[[ Data for the task open ]]

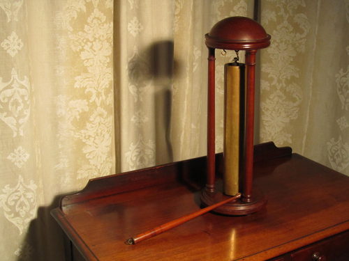 The gong has a heavy brass tubular gong, it is set in a solid Mahogany stand and has its original striker , the gong and stand are in excellent condition and would sit well on a hall table
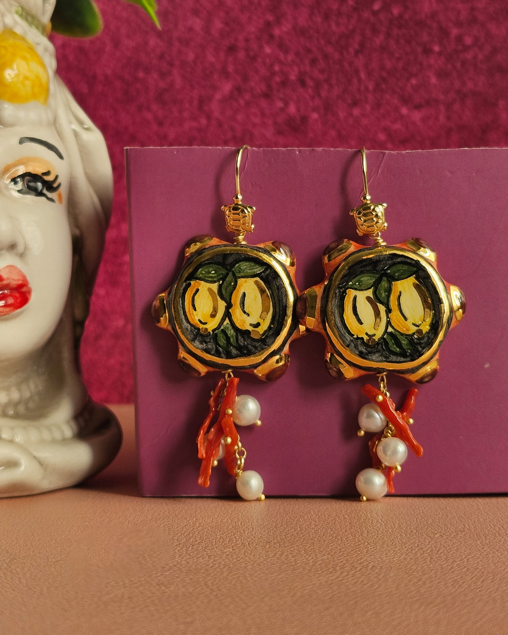 Hand-painted ceramic tambourines from Caltagirone are the stars of these unique earrings, embellished with an elegant cluster of pearls and coral branches. Perfect for those seeking an original and refined style and ideal for giving a distinctive touch to your outfits.
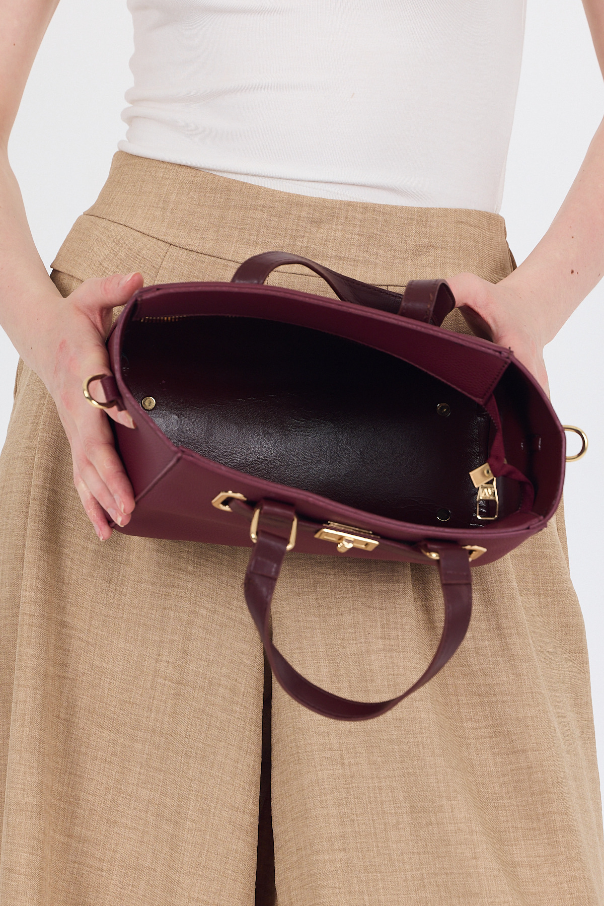 Bordo Deri Görünümlü Omuz Çantası 3029
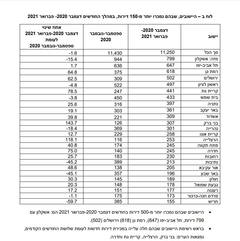 ב - 3 החודשים האחרונים דצמבר - פברואר 2021 נמכרו 230 דירות חדשות וב - 3 החודשים הקודמים ספטמבר - נובמבר 2020 נמכרו 183 דירות.
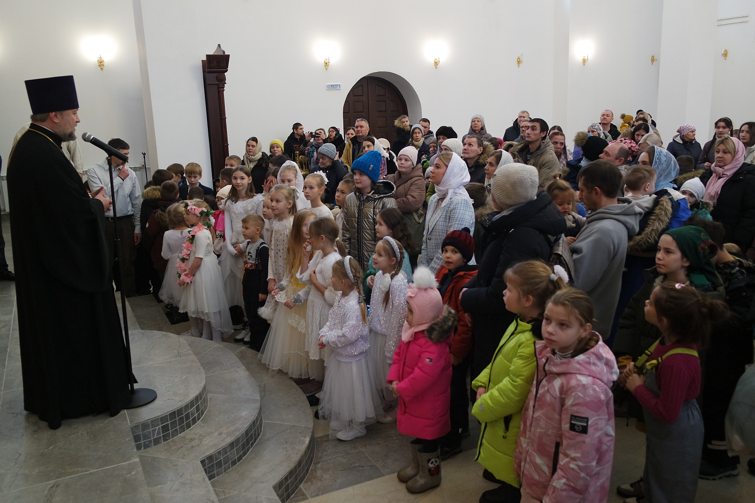 После спектакля настоятель храма священник Максим Глухих поблагодарил детей за выступление и вручил каждому ребёнку, присутствующему в храме, Рождественский подарок.

[[ Data for the task closed ]]

Please retype, exactly and with the pictures left out, the lines from the line containing "ב - 3 החודשים האחרונים" through the last line of the records above.

 ב - 3 החודשים האחרונים דצמבר - פברואר 2021 נמכרו 230 דירות חדשות וב - 3 החודשים הקודמים ספטמבר - נובמבר 2020 נמכרו 183 דירות.
 После спектакля настоятель храма священник Максим Глухих поблагодарил детей за выступление и вручил каждому ребёнку, присутствующему в храме, Рождественский подарок.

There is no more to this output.